Other common dreams include being chased – usually by a giant. (I wonder whom giants dream of being chased by?)

But last week I had a classic dream that seemed so real I swore it was really happening. Perhaps because it really did.

Here’s the story: I had been hired to emcee a big glitzy event in Bellevue. Big time entrepreneurs were being honored in an awards show – and my job was to introduce them in a witty way. But for months and months on my calendar I’d thought the event was the next night – Saturday.

So Friday night, around six p.m., I was sitting in a bar and grill with my wife – knocking back an I.P.A. and bar food. Things were good. I knew I had the entire next day to prepare for the entrepreneur event, writing a short monologue, getting my tuxedo pressed.

Then, suddenly, I got a text message: “Where ARE you?” It was from the event coordinator.
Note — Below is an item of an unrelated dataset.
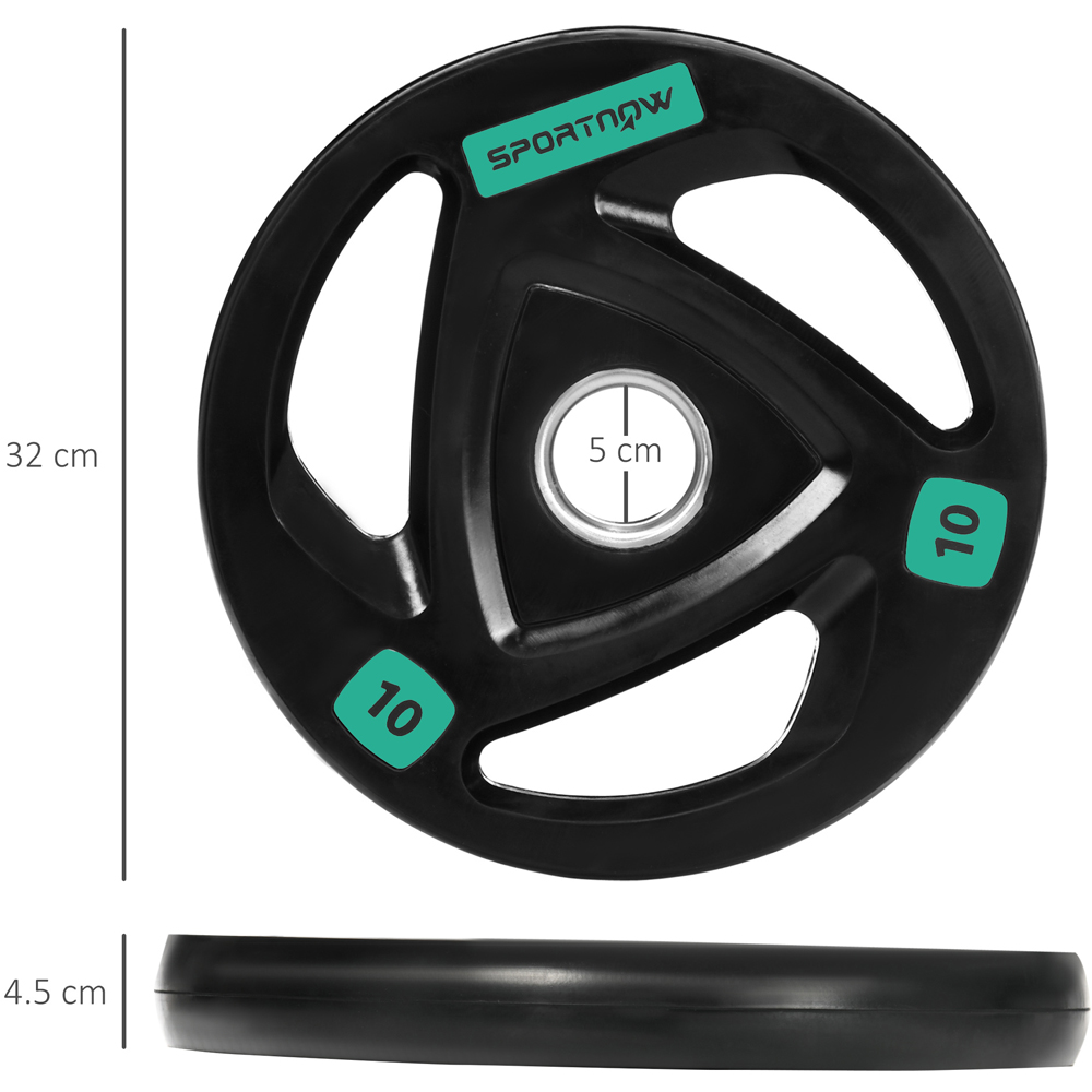 Looking to build strength? Start with these SPORTNOW weight plates. A set of two, they have a 5cm hole in the centre, so it can be attached to Olympic bars, curl bars, trap bars and squat bars, whilst the three grip holes allow you to pick them up with ease – perfect for lateral raises and more. Made from steel, it's wrapped in rubber, so it won't damage your floor if dropped. A compact size, they don't take up much space – perfect for weight training at home, the office or even outside.

I knew immediately I had gotten the date wrong – and needed to be on stage within an hour. In shock, I reeled backwards in my chair. My wife swore later that she thought I was having a heart attack. A heart attack would have been better. At least that would be some sort of excuse.

I bolted for the restaurant exit pulling my wife along. The waitress ran after us. “You haven’t paid for your food or beer,” she yelled. I shouted. “I’ll be back tomorrow, I promise!” – and kept running to the car.

Our home was several miles from the restaurant – and Friday night traffic didn’t help, but I was wearing jeans and a T-shirt, so a switch into a tuxedo was definitely required.

Once home, I threw my tux pants on – and ran shirtless, sockless and shoeless back to the car. Somehow – and no doubt illegally – I changed into my tux shirt, studs and cufflinks while driving like Steve McQueen down the freeway.

I slipped into my shoes while pulling into valet parking and then ran like Usain Bolt into the Bellevue Hyatt Regency where the Grand Ballroom was already filled with entrepreneurs, spouses and expectant colleagues.

Once onstage, breathing hard, I told a quick story about Tony Robbins, the motivational speaker, who probably never inspired a real entrepreneur in his life.

I said, “Tony Robbins is so upbeat and positive – that if he was ever jailed, he would probably tell people he was living in a gated community.”

The audience chuckled. They clapped.

Real nightmares don’t usually end like that.